Adventures in Bookland: Alice’s Adventures in Wonderland by Lewis Carroll
A minor disadvantage of growing up as the child of immigrant parents for whom English was not a first language (well, it ranked equal with Sinhala and Tamil for my father), is that there is no familial list of children’s reading classics to go through. I learned to read young, got a library ticket, and was set loose. My reading reflected the magpie tendencies and path following of a child: Enid Blyton (all the Famous Five and Secret Seven, plus the Adventure series); The Wind in the Willows; Dr Doolittle and his many adventures. But it missed out many books that a familial familiarity with English would have presented to me: Winnie-the-Pooh, Narnia, Treasure Island, Middle-earth. Some of these I caught up with as a teenager (there’s no better age to enter Middle-earth for the first time than when you’re fourteen years old), but the others I’ve been working through as an adult. Narnia saw me through my university finals. Nephews and a niece provided the chance to read Winnie-the-Pooh for the first time (the first chapter left me limp upon the sofa, as my nephew tried to figure out why Pooh Bear, hanging from a balloon and attempting to impersonate a small black cloud so that he could raid a hive for honey, should leave his uncle wheezing and unable to move for laughing). Treasure Island was marked out on the map of a fortysomething. And, finally, fifty two year-old me followed Alice down the rabbit hole.
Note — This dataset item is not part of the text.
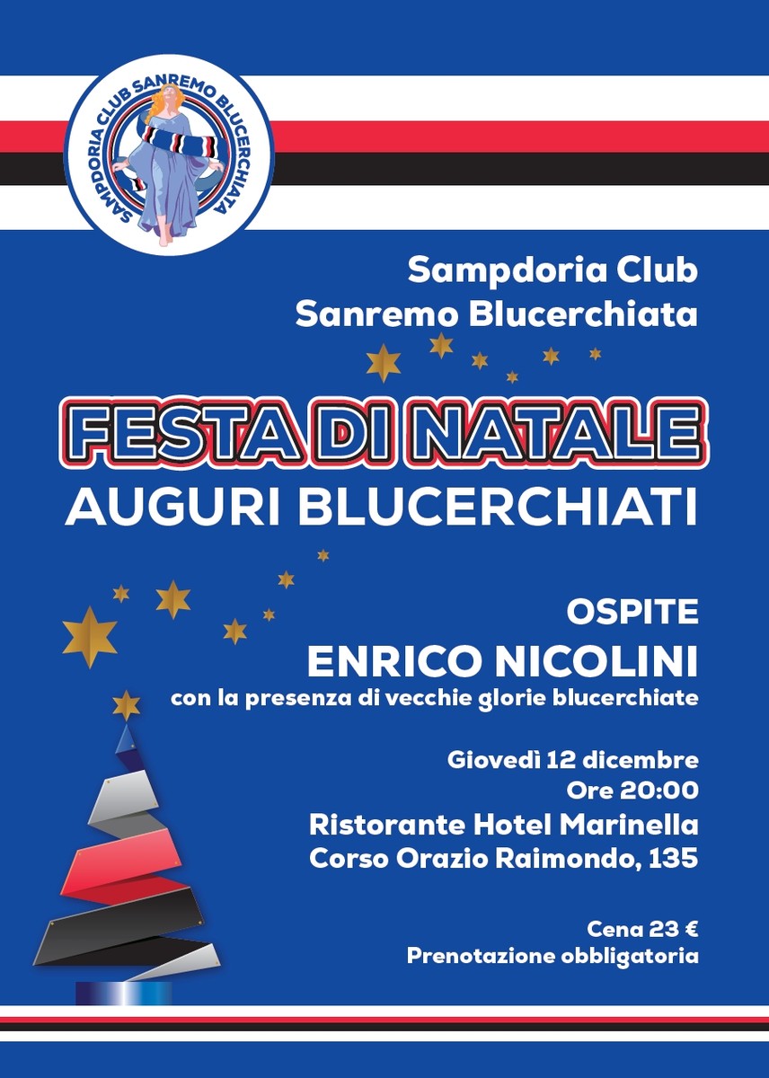 Il Sampdoria Club Sanremo Blucerchiata organizza la festa degli Auguri Blucerchiati, un momento speciale per celebrare insieme lo spirito natalizio e la passione per i colori della maglia più bella del mondo. L’appuntamento è fissato per giovedì prossimo al Ristorante dell’Hotel Marinella di Sanremo, dove tifosi e simpatizzanti si ritroveranno per una cena all’insegna della convivialità e dell’amore per la Sampdoria.

It’s pretty weird down there.
I’d say the book has the logic of dreams, apart from the fact that I have the most boring subconscious known to man. Do you want to know how boring it is? My recurring childhood nightmare was falling from our bathroom window. Do you want to know how boring it is? I’ve dreamed of VAT rates. Do you really want to know how boring it is? When I have sexual dreams, I dream of having sex with my own wife. So, whatever logic the book has, it certainly isn’t the logic of my dreams. But it does make sense: non-sense. And, as such, I was really getting to like it, until I came to the end.
No, no, no, no!
And again, no, no, No, NO!
Lewis Carroll, how could you?
If there is one ending I hate above all others in stories, it’s the and-then-he-woke-up-it-and-it-was-all-a-dream ending. In this case, the he is a she – Alice – and it was all a dream. I mean, why should a homicidal Queen of Hearts be a dream? Let alone a white rabbit, or an alternately elongating and shrinking Alice? All sounds quite sensible to me, particularly a century and a half since first publication (1865). Better for Alice to have been kidnapped by the Cheshire Cat than for it all to have been a dream.
So, Lewis Carroll, aka Charles Dodgson, I ask again, how could you?